* **EXERCISE BRIEF**
From the first line of the listing below through the line with "Este, probabil, foarte", transcribe exactly and skip the pictures.

* **INFORMATION SHOWN**

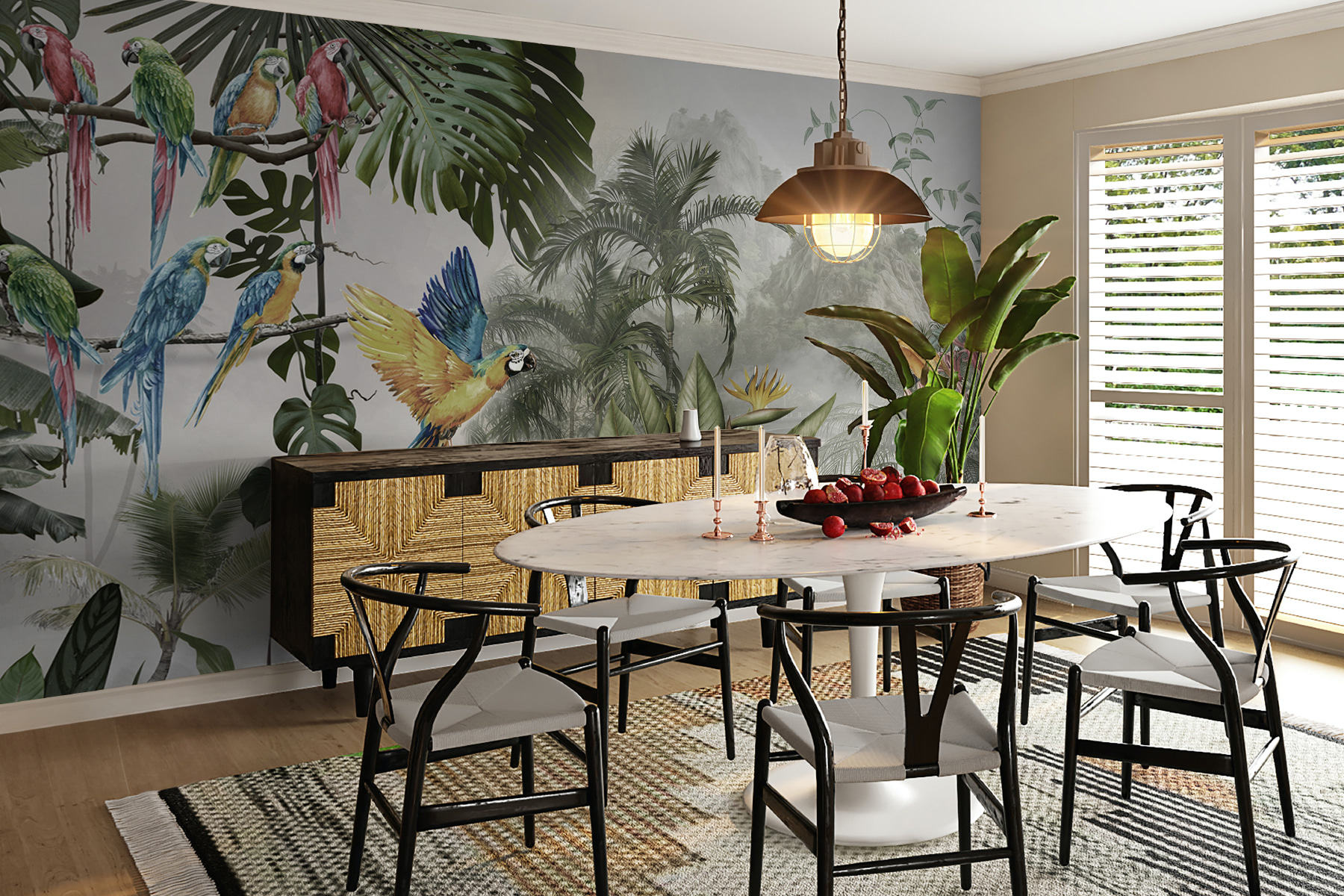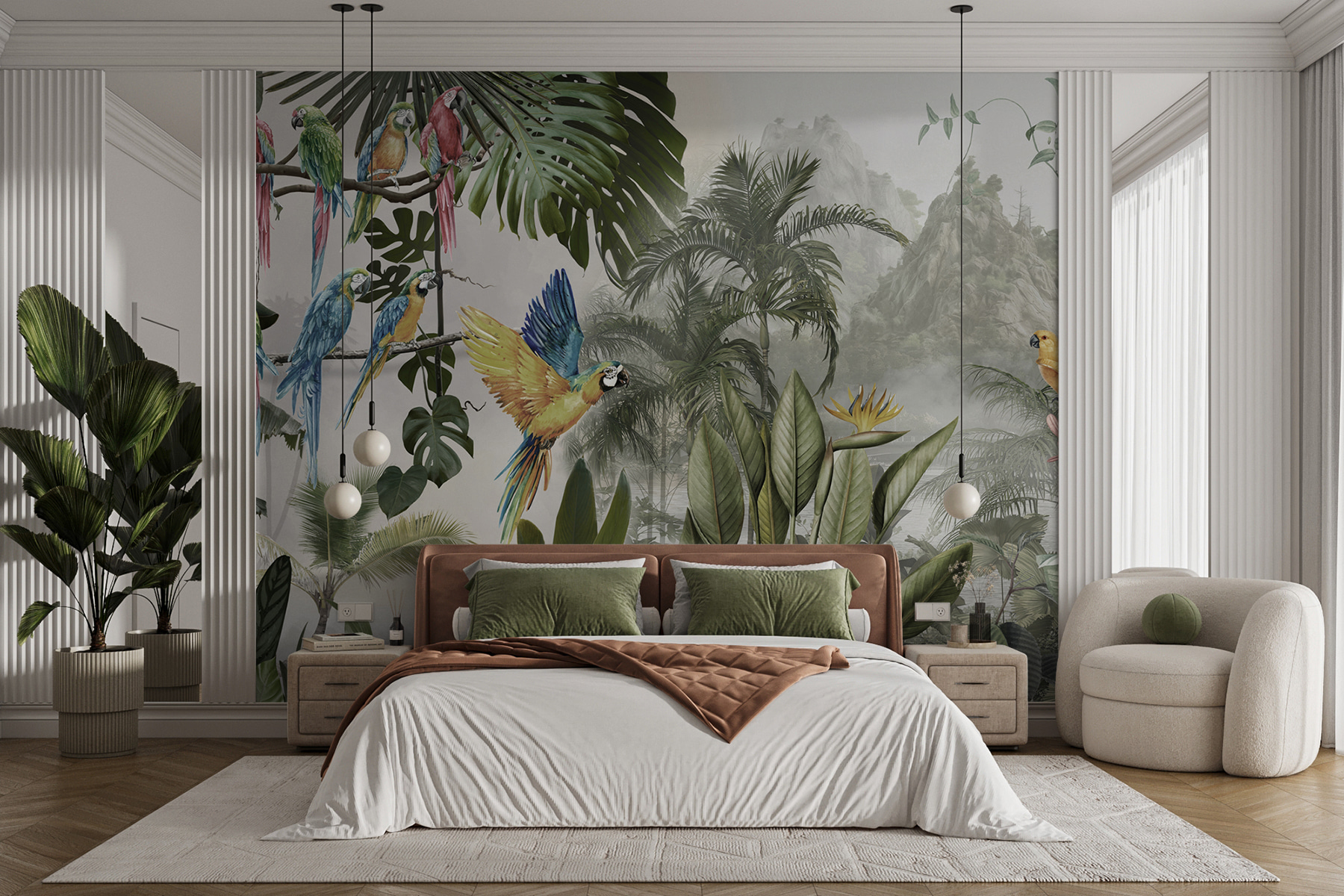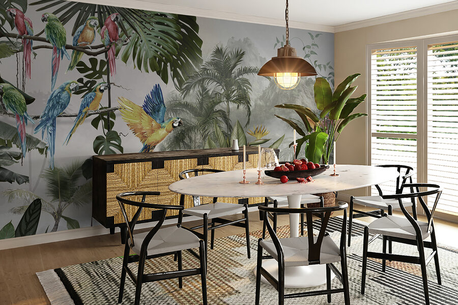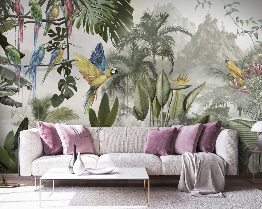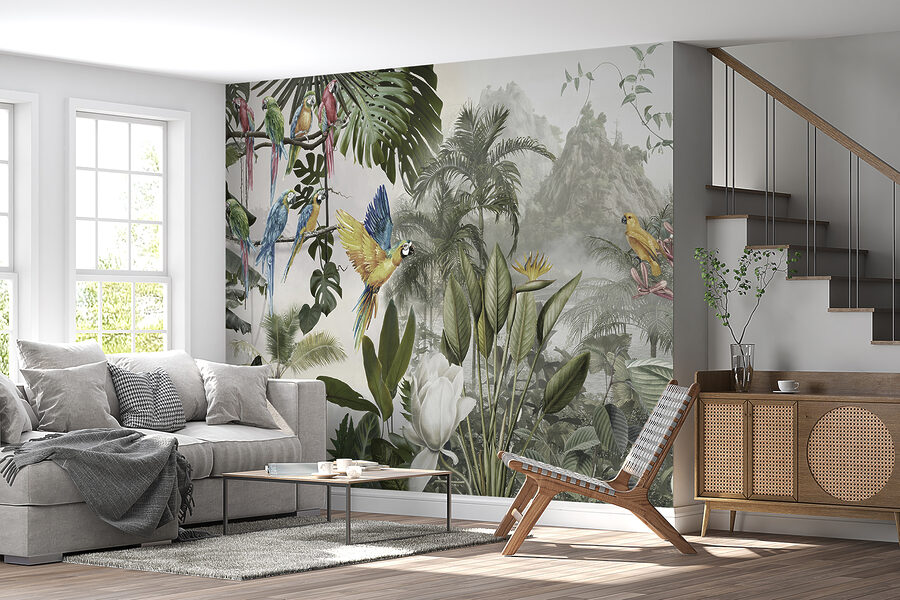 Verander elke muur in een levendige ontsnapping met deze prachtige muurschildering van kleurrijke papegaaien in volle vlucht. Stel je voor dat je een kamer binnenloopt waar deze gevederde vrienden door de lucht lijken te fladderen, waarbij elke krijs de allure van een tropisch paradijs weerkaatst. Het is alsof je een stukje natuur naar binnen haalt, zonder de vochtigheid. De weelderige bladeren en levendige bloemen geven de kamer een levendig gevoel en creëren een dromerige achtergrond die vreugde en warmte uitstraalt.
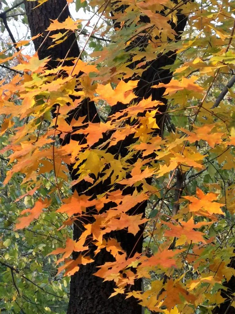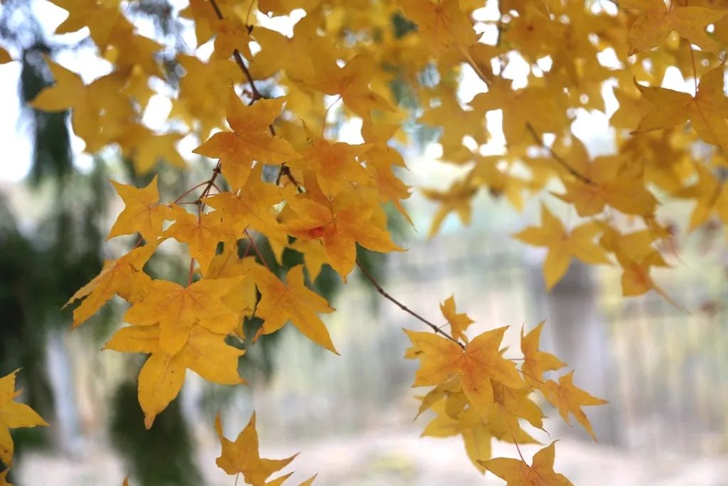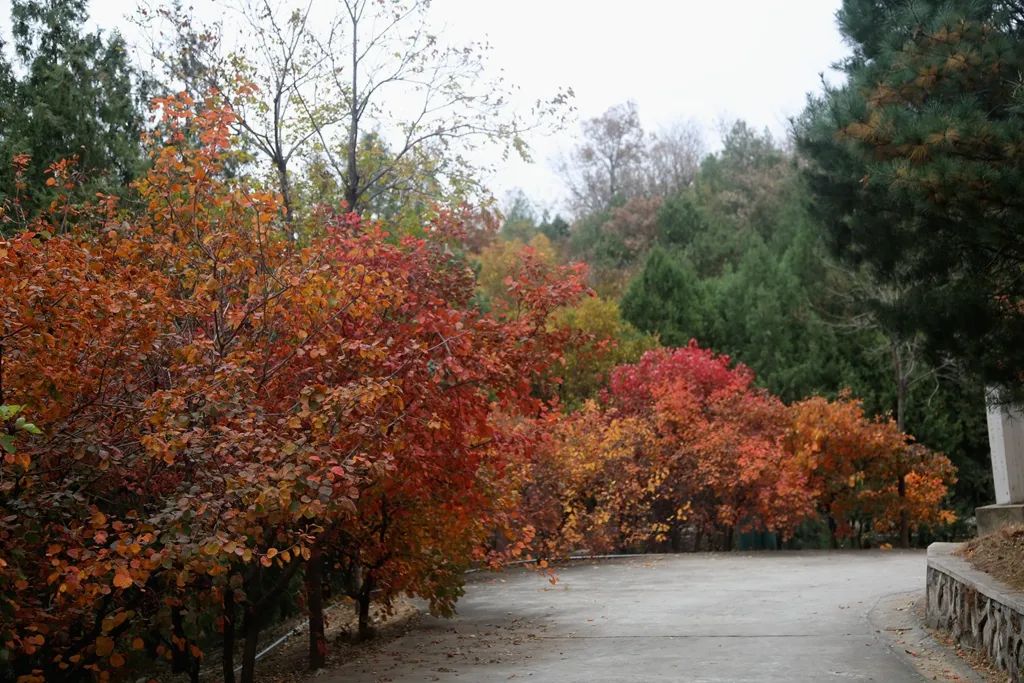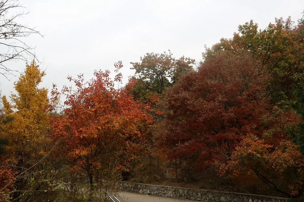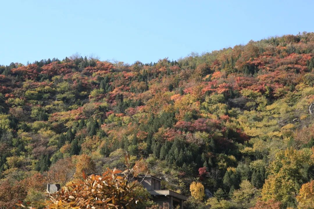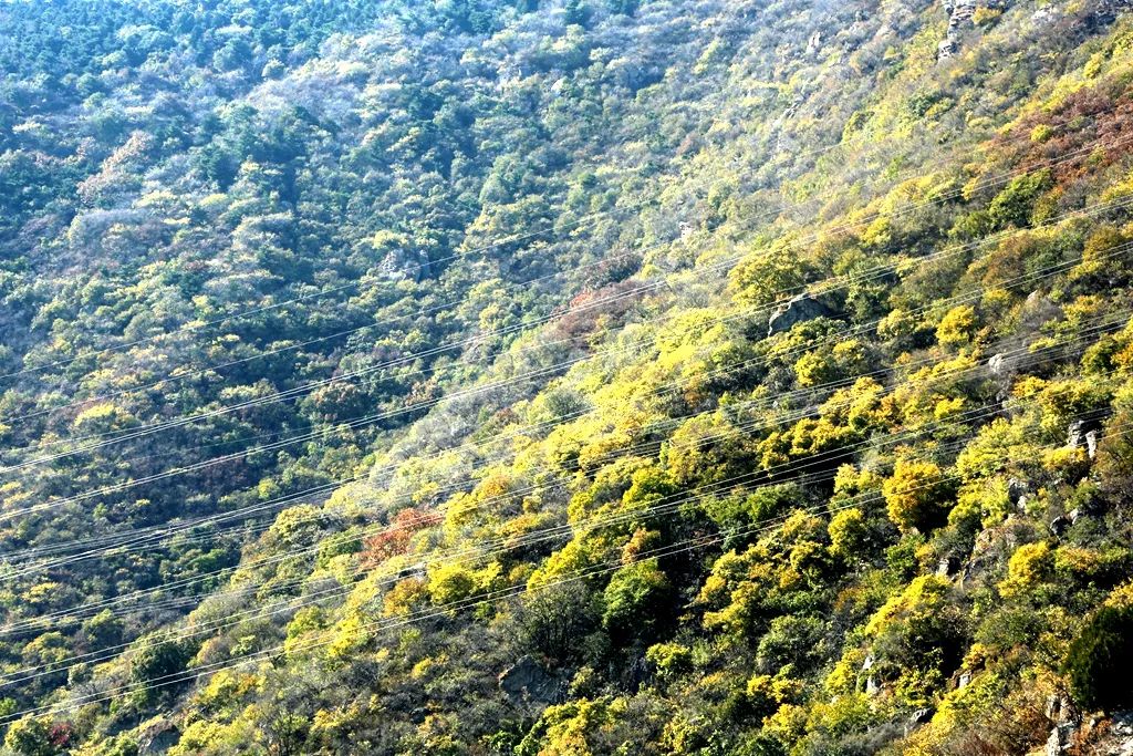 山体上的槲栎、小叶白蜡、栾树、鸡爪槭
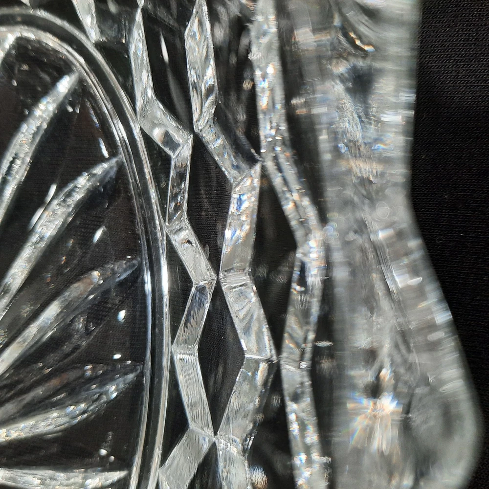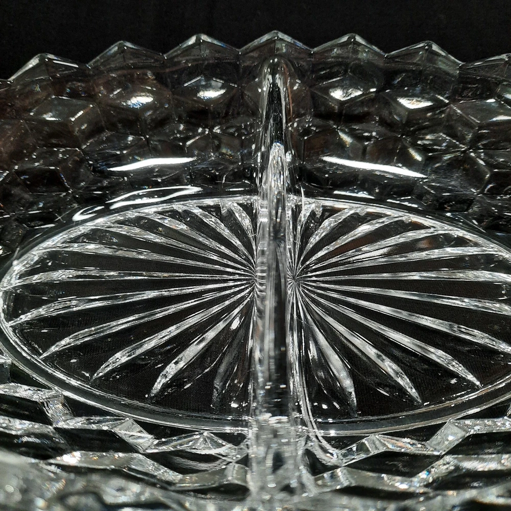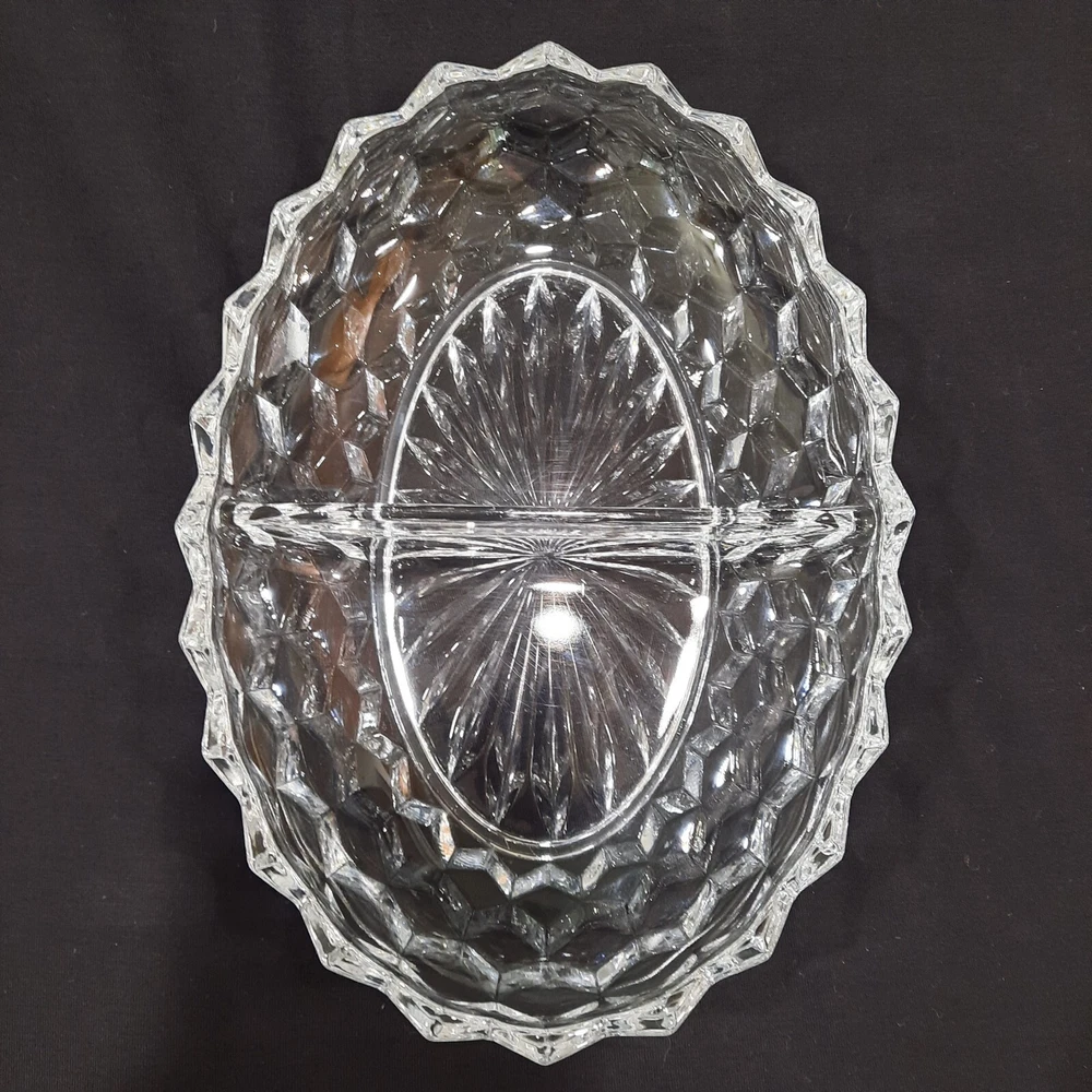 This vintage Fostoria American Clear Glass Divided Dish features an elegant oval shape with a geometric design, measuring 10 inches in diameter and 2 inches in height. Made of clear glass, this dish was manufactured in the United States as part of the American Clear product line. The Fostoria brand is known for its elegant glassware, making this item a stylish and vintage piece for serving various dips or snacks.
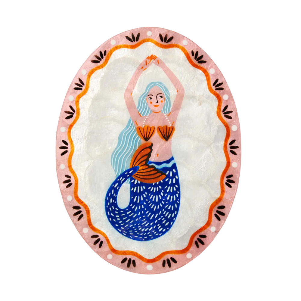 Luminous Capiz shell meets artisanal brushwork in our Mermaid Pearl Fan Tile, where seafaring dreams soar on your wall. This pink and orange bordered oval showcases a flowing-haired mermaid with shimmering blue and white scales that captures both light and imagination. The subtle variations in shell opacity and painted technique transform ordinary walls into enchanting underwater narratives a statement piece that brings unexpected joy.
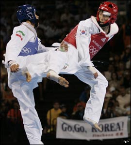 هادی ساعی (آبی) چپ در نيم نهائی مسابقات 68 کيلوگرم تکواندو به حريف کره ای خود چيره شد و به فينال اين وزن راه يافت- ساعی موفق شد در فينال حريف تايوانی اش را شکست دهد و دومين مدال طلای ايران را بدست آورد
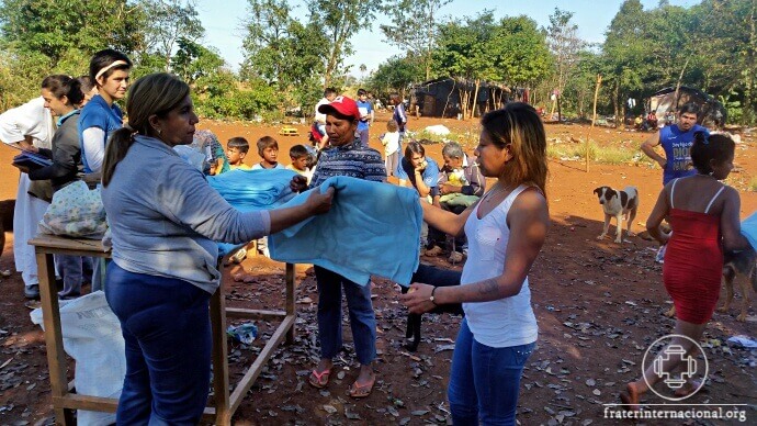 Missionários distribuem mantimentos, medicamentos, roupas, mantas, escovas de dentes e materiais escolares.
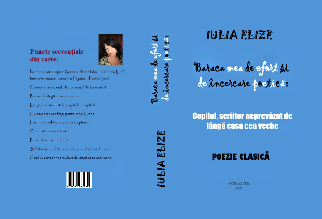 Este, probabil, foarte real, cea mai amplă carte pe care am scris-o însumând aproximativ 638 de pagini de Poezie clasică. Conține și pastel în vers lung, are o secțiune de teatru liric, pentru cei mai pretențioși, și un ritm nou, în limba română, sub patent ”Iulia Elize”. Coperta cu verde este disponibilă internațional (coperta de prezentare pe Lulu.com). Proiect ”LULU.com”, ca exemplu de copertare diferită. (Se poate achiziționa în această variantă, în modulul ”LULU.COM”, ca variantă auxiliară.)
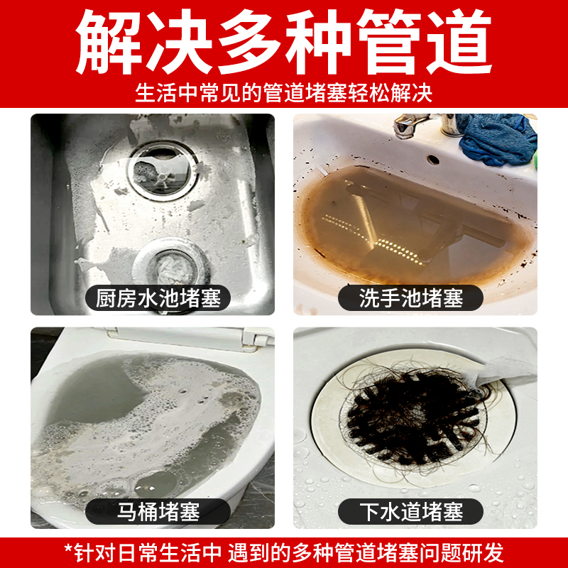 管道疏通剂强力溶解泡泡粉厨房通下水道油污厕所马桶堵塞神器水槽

* **TASK OUTPUT**
 Verander elke muur in een levendige ontsnapping met deze prachtige muurschildering van kleurrijke papegaaien in volle vlucht. Stel je voor dat je een kamer binnenloopt waar deze gevederde vrienden door de lucht lijken te fladderen, waarbij elke krijs de allure van een tropisch paradijs weerkaatst. Het is alsof je een stukje natuur naar binnen haalt, zonder de vochtigheid. De weelderige bladeren en levendige bloemen geven de kamer een levendig gevoel en creëren een dromerige achtergrond die vreugde en warmte uitstraalt.
 山体上的槲栎、小叶白蜡、栾树、鸡爪槭
 This vintage Fostoria American Clear Glass Divided Dish features an elegant oval shape with a geometric design, measuring 10 inches in diameter and 2 inches in height. Made of clear glass, this dish was manufactured in the United States as part of the American Clear product line. The Fostoria brand is known for its elegant glassware, making this item a stylish and vintage piece for serving various dips or snacks.
 Luminous Capiz shell meets artisanal brushwork in our Mermaid Pearl Fan Tile, where seafaring dreams soar on your wall. This pink and orange bordered oval showcases a flowing-haired mermaid with shimmering blue and white scales that captures both light and imagination. The subtle variations in shell opacity and painted technique transform ordinary walls into enchanting underwater narratives a statement piece that brings unexpected joy.
 هادی ساعی (آبی) چپ در نيم نهائی مسابقات 68 کيلوگرم تکواندو به حريف کره ای خود چيره شد و به فينال اين وزن راه يافت- ساعی موفق شد در فينال حريف تايوانی اش را شکست دهد و دومين مدال طلای ايران را بدست آورد
 Missionários distribuem mantimentos, medicamentos, roupas, mantas, escovas de dentes e materiais escolares.
 Este, probabil, foarte real, cea mai amplă carte pe care am scris-o însumând aproximativ 638 de pagini de Poezie clasică. Conține și pastel în vers lung, are o secțiune de teatru liric, pentru cei mai pretențioși, și un ritm nou, în limba română, sub patent ”Iulia Elize”. Coperta cu verde este disponibilă internațional (coperta de prezentare pe Lulu.com). Proiect ”LULU.com”, ca exemplu de copertare diferită. (Se poate achiziționa în această variantă, în modulul ”LULU.COM”, ca variantă auxiliară.)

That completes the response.